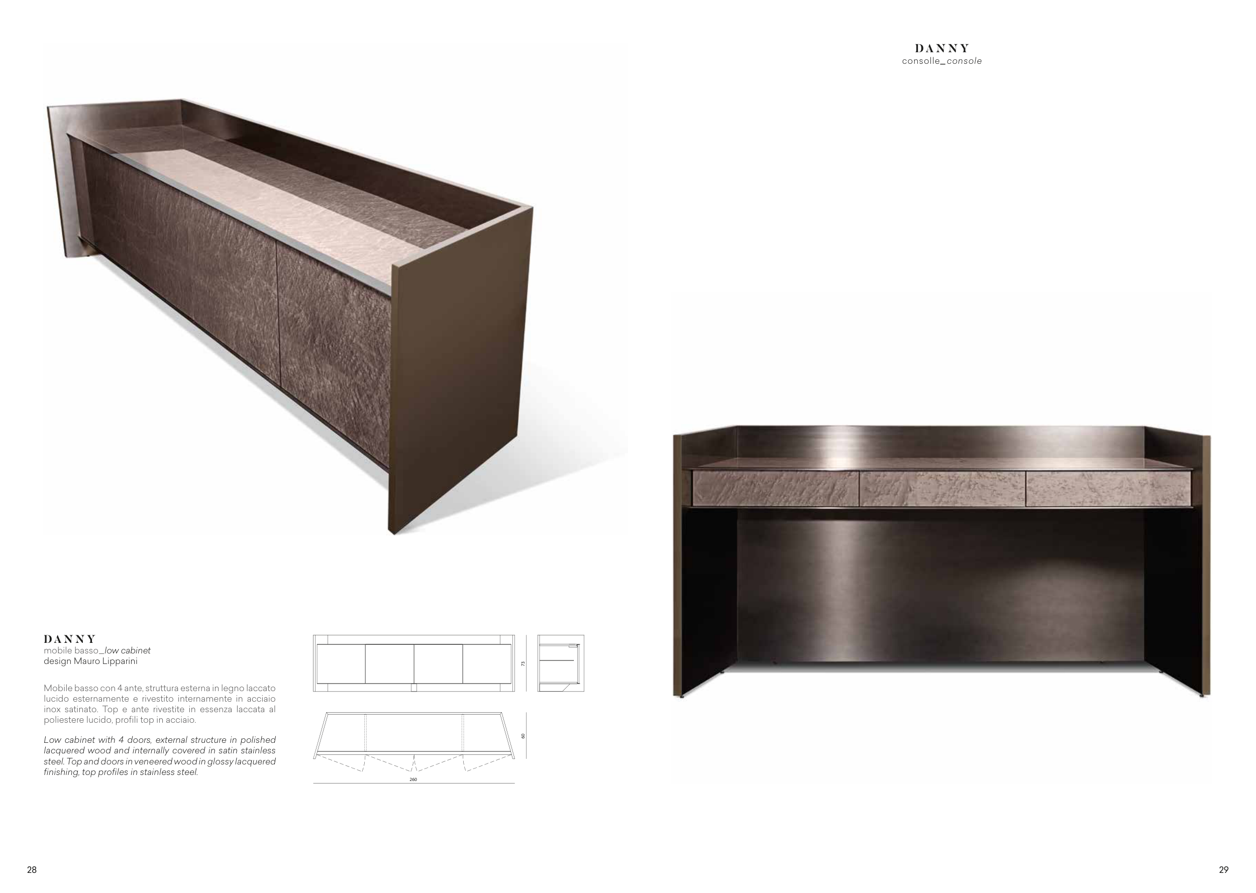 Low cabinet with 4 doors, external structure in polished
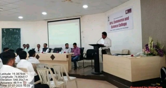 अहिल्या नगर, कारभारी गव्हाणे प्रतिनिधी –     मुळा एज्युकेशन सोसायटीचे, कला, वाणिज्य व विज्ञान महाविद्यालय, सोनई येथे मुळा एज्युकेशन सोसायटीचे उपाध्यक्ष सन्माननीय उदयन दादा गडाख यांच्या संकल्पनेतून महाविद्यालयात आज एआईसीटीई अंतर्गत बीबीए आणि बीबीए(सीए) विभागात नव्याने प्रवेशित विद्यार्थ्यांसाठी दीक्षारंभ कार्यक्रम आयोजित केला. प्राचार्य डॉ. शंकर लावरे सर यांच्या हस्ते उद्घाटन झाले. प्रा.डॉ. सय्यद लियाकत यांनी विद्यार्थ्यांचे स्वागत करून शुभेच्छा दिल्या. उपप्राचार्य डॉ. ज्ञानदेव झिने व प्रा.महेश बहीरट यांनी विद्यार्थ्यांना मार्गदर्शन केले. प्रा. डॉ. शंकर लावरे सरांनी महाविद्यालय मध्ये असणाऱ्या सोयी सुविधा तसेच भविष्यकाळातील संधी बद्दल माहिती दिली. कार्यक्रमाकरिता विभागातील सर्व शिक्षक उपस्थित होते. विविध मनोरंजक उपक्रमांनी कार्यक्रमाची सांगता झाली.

───

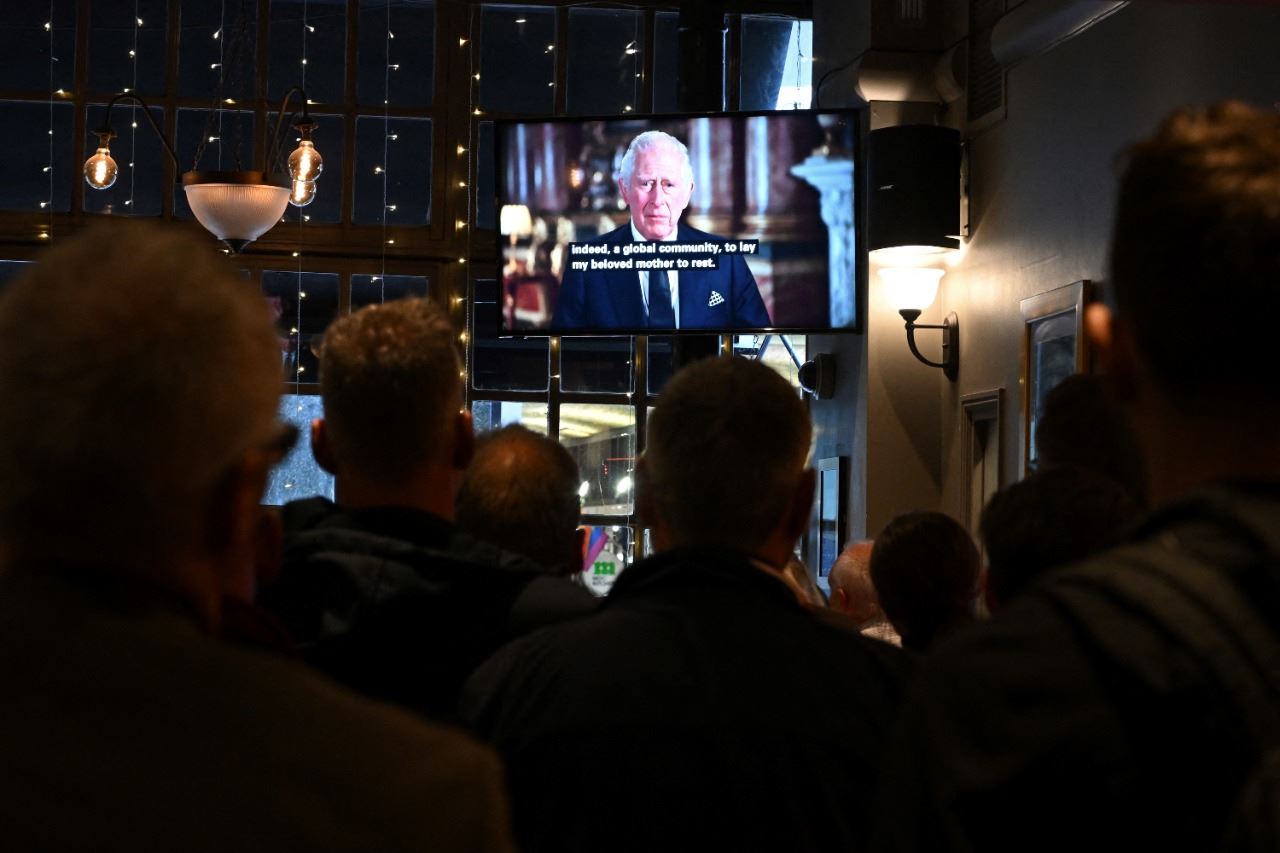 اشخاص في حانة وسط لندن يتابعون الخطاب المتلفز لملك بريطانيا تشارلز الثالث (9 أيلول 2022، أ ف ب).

───

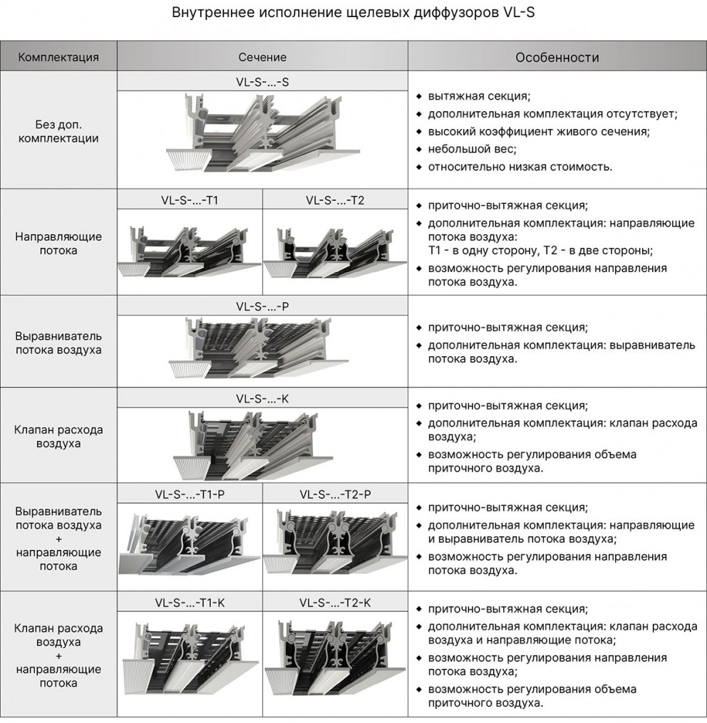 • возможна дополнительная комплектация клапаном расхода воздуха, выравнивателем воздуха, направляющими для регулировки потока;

───

• [Goal of the exercise]
Transcribe, word for word, the lines of the listing above from the one that contains "Low cabinet with" through the one that contains "अहिल्या नगर, कारभारी", keeping both ends and dropping the pictures.

• [Written solution]
 Low cabinet with 4 doors, external structure in polished
 अहिल्या नगर, कारभारी गव्हाणे प्रतिनिधी –     मुळा एज्युकेशन सोसायटीचे, कला, वाणिज्य व विज्ञान महाविद्यालय, सोनई येथे मुळा एज्युकेशन सोसायटीचे उपाध्यक्ष सन्माननीय उदयन दादा गडाख यांच्या संकल्पनेतून महाविद्यालयात आज एआईसीटीई अंतर्गत बीबीए आणि बीबीए(सीए) विभागात नव्याने प्रवेशित विद्यार्थ्यांसाठी दीक्षारंभ कार्यक्रम आयोजित केला. प्राचार्य डॉ. शंकर लावरे सर यांच्या हस्ते उद्घाटन झाले. प्रा.डॉ. सय्यद लियाकत यांनी विद्यार्थ्यांचे स्वागत करून शुभेच्छा दिल्या. उपप्राचार्य डॉ. ज्ञानदेव झिने व प्रा.महेश बहीरट यांनी विद्यार्थ्यांना मार्गदर्शन केले. प्रा. डॉ. शंकर लावरे सरांनी महाविद्यालय मध्ये असणाऱ्या सोयी सुविधा तसेच भविष्यकाळातील संधी बद्दल माहिती दिली. कार्यक्रमाकरिता विभागातील सर्व शिक्षक उपस्थित होते. विविध मनोरंजक उपक्रमांनी कार्यक्रमाची सांगता झाली.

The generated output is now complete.